I understand that the topTableF function gives me this information by following the instruction in the user guide (page 43), but I am curious on why it is necessary to define the contrasts a priori after fitting the model if I want to check only for the general grouping effect. I am referring to this step in the analysis:

fit <-  lmFit(mat, design = design)
fitcontrasts <- contrasts.fit(fit,constrasts)

Based on this doubt, I have tested different settings for creating the design object and the fitting of the model with different results.
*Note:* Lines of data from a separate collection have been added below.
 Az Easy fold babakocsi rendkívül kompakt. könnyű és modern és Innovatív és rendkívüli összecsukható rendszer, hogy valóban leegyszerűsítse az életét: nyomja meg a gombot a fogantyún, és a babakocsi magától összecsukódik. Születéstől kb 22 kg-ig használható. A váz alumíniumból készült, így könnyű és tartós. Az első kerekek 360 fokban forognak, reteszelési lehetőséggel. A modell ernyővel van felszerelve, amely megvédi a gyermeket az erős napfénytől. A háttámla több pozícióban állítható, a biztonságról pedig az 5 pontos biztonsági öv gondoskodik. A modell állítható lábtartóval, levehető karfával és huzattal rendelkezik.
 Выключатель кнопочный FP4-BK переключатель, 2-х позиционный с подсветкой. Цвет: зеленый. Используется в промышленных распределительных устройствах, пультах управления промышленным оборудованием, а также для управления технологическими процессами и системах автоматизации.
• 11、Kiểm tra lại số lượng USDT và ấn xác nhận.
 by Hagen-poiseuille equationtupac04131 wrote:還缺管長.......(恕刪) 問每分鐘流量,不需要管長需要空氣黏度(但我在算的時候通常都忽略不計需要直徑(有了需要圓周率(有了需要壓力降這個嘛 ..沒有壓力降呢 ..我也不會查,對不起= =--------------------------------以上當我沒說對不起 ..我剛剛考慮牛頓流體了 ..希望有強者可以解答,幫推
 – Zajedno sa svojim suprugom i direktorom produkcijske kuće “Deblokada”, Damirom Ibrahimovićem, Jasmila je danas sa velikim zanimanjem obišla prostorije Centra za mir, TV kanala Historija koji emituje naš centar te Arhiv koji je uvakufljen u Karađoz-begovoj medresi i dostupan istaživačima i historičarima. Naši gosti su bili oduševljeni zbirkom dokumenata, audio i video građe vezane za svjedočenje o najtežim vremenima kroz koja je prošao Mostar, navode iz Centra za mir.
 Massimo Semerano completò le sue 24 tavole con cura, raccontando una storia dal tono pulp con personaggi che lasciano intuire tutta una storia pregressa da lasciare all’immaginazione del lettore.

I'll try to outline my tests here in the best possible way.

Experimental groups

groups <- c(rep("A",6), rep("B",5), rep("C",6))
groupf <- factor(groups, levels = c("A","B","C"))
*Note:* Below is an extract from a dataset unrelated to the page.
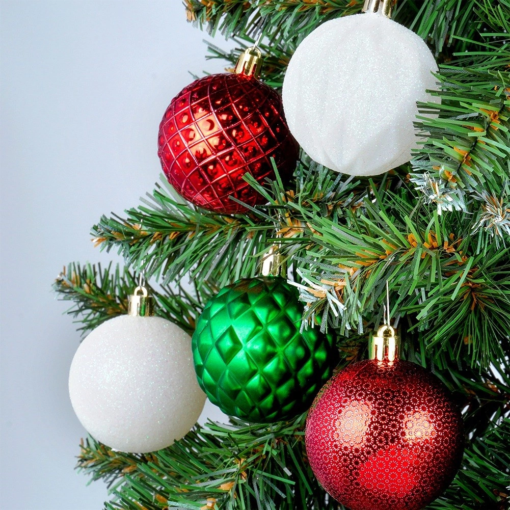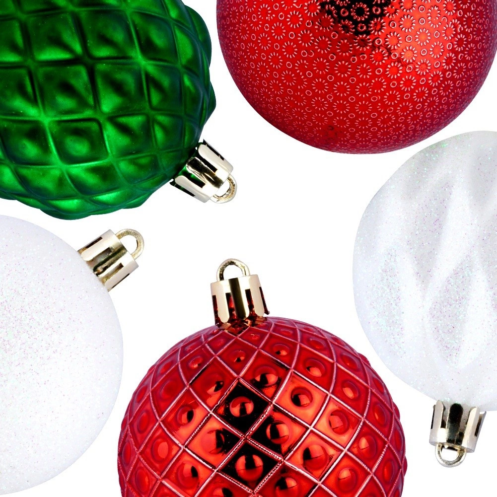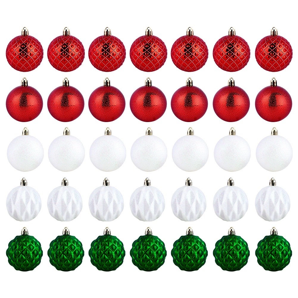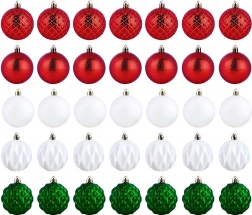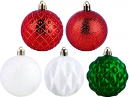 Elegantní sada 35 nerozbitných vánočních ozdob v barvách červená, zelená a bílá s různými povrchy – lesk, mat, třpyt, reliéf. Koule o průměru 6 cm bezpečně zkrášlí váš stromek, věnce i girlandy a vytvoří kouzelnou vánoční atmosféru. Součástí jsou šňůrky na zavěšení.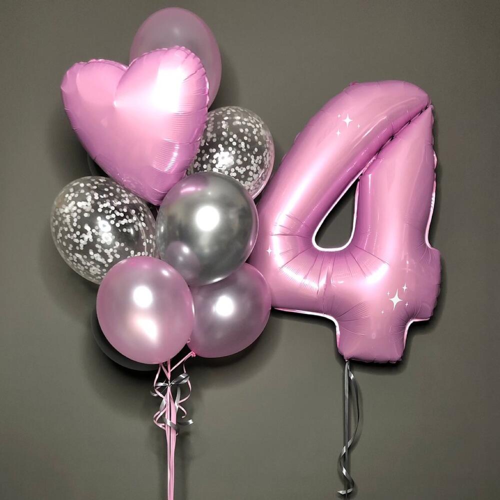 Набор состоит из нужной цифры и фонтана из 10 шаров:- 1 сердце фольгированное- 2 шара с белым конфетти- 3 шара хром серебро- 4 шара перламутр розовыеЦвет композиции может быть любым😉

Two types of design object

design <- model.matrix(~0+groupf) # without intercept
design2 <- model.matrix(~groupf) # with intercept
colnames(design) <- c("A","B","C")

Contrast matrix

constrasts <- makeContrasts(B-A, C-A, C-B,levels = design)
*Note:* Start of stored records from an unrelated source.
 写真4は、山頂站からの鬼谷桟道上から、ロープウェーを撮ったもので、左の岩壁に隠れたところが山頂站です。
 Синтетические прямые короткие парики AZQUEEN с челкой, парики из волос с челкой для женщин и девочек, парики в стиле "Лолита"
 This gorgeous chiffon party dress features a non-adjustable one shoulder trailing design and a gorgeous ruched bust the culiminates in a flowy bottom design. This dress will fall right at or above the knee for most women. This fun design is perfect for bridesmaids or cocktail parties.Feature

Different approaches for model fitting

1. Fit with intercept and no contrasts

fitintr <- lmFit(tomat, design = design2)
fitintr <- eBayes(fitintr)

2. Fit with no intercept and no contrasts

fit <- lmFit(tomat, design = design)
fitnocontr <- eBayes(fit)

3. Fit with no intercept and contrasts

fitcontrasts <- contrasts.fit(fit,constrasts)
fitcontrasts2 <- eBayes(fitcontrasts)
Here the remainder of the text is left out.